— Records —
⁂
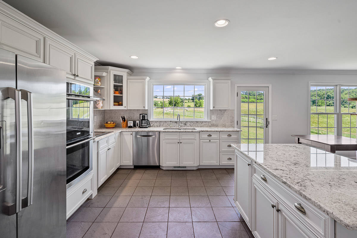 - -Gourmet Kitchen with granite countertops, Vermont Slate floor, ss appliances, double wall ovens, beadwork cabinetry, large walk in pantry with custom shelving
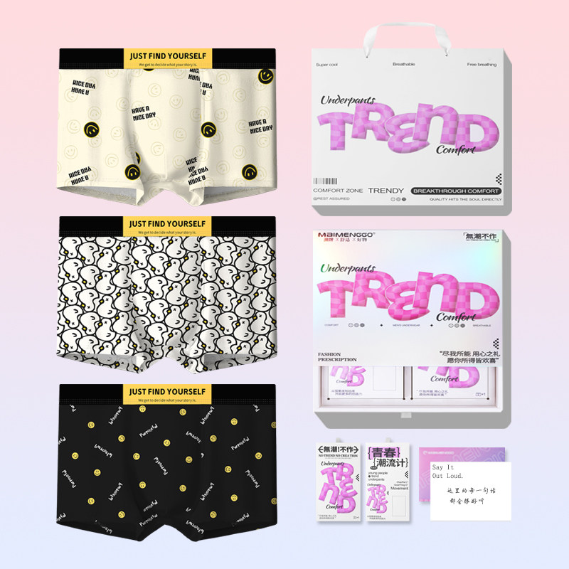 CleverKiss男士内裤100支莫代尔桑蚕丝10A抗菌纯棉透气四角裤礼盒
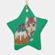 This cute little Christmas tabby kitten is wearing a very pretty red bow with a christmas holly on her head and she's looking very pleased with herself as she licks the Christmas pudding cream from her paws with her little pink tongue. Her big pussycat eyes show how much she's enjoying her special christmas treat. This original and cute christmas ornament has a festive red background colour on one side and a very seasonal green background colour on the other side, the red side has a digatally enhanced kitten image, I've given it an engraved appearance. The green side of the star shaped ornament has the originsl water-colour picture of the little tabby cat I think this festive star ornament makes a wonderful little gift for anyone, friends, family, colleagues and all cat lovers will will be pleased to recieve this very special christmas ornament during the holiday season. Or maybe you just want to treat yourself to a cute christmas kitten premium ornament.
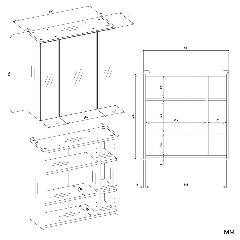 Biała trzydrzwiowa lustrzana szafka łazienkowa 60cm - Erosa 5X
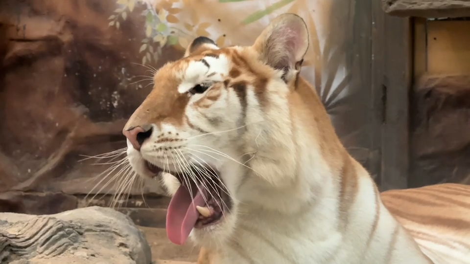 สำหรับ น้องเอวา เป็นเสือเพศเมีย อายุ 3 ขวบ มีพี่ชื่อว่าลูน่า ทั้งสองเป็นเสือโคร่งสีทองหรือเสือโคร่งสตรอเบอร์รี ที่มีเอกลักษณ์โดดเด่นจากสีขนสีทองอ่อนผสมขาว พร้อมลายเสือที่จางลงจนแทบเห็นเป็นจุดหรือแถบใหญ่เป็นเอกลักษณ์ ที่เกิดจากยีนด้อยชนิดหนึ่งที่เรียกว่า “ยีนไวด์แบนด์” ทำให้เกิดเป็นเสือโคร่งสีขาวแบบไม่มีลาย หาชมได้ยากในธรรมชาติ มีอยู่เพียง 50-100 ตัวในโลกเท่านั้น
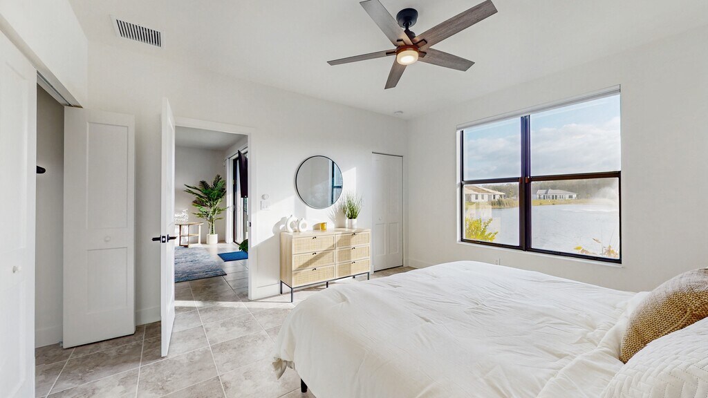 Experience this villa-style living in this brand-new, fully furnished, single-level 3-bedroom, 3-bathroom home offering 1,600 sq. ft. of fresh finishes. All bedrooms feature king-size beds for ultimate comfort. Enjoy stunning water views with a decorative fountain visible from the living and dining areas as well as the primary bedroom. This gated community includes fantastic amenities like a heated pool, spa, and gym, with all utilities included in the rent (cable, high-speed internet, water, heating, cooling, etc). This home features a designated workspace with rising desk and monitor, hurricane windows, and blinds throughout. Conveniently located just 5 miles from the RSW international airport, with easy access to I-75 and only 13 miles to Fort Myers Beach, 1 mile from Boston Red Sox spring training, 5 miles from Minnesota Twins spring training. This property is the perfect blend of luxury, convenience, and serenity.
⁂
— Work instructions —
Give the data again exactly. Keep the images out.

— Result of this task —
 - -Gourmet Kitchen with granite countertops, Vermont Slate floor, ss appliances, double wall ovens, beadwork cabinetry, large walk in pantry with custom shelving
 CleverKiss男士内裤100支莫代尔桑蚕丝10A抗菌纯棉透气四角裤礼盒
 This cute little Christmas tabby kitten is wearing a very pretty red bow with a christmas holly on her head and she's looking very pleased with herself as she licks the Christmas pudding cream from her paws with her little pink tongue. Her big pussycat eyes show how much she's enjoying her special christmas treat. This original and cute christmas ornament has a festive red background colour on one side and a very seasonal green background colour on the other side, the red side has a digatally enhanced kitten image, I've given it an engraved appearance. The green side of the star shaped ornament has the originsl water-colour picture of the little tabby cat I think this festive star ornament makes a wonderful little gift for anyone, friends, family, colleagues and all cat lovers will will be pleased to recieve this very special christmas ornament during the holiday season. Or maybe you just want to treat yourself to a cute christmas kitten premium ornament.
 Biała trzydrzwiowa lustrzana szafka łazienkowa 60cm - Erosa 5X
 สำหรับ น้องเอวา เป็นเสือเพศเมีย อายุ 3 ขวบ มีพี่ชื่อว่าลูน่า ทั้งสองเป็นเสือโคร่งสีทองหรือเสือโคร่งสตรอเบอร์รี ที่มีเอกลักษณ์โดดเด่นจากสีขนสีทองอ่อนผสมขาว พร้อมลายเสือที่จางลงจนแทบเห็นเป็นจุดหรือแถบใหญ่เป็นเอกลักษณ์ ที่เกิดจากยีนด้อยชนิดหนึ่งที่เรียกว่า “ยีนไวด์แบนด์” ทำให้เกิดเป็นเสือโคร่งสีขาวแบบไม่มีลาย หาชมได้ยากในธรรมชาติ มีอยู่เพียง 50-100 ตัวในโลกเท่านั้น
 Experience this villa-style living in this brand-new, fully furnished, single-level 3-bedroom, 3-bathroom home offering 1,600 sq. ft. of fresh finishes. All bedrooms feature king-size beds for ultimate comfort. Enjoy stunning water views with a decorative fountain visible from the living and dining areas as well as the primary bedroom. This gated community includes fantastic amenities like a heated pool, spa, and gym, with all utilities included in the rent (cable, high-speed internet, water, heating, cooling, etc). This home features a designated workspace with rising desk and monitor, hurricane windows, and blinds throughout. Conveniently located just 5 miles from the RSW international airport, with easy access to I-75 and only 13 miles to Fort Myers Beach, 1 mile from Boston Red Sox spring training, 5 miles from Minnesota Twins spring training. This property is the perfect blend of luxury, convenience, and serenity.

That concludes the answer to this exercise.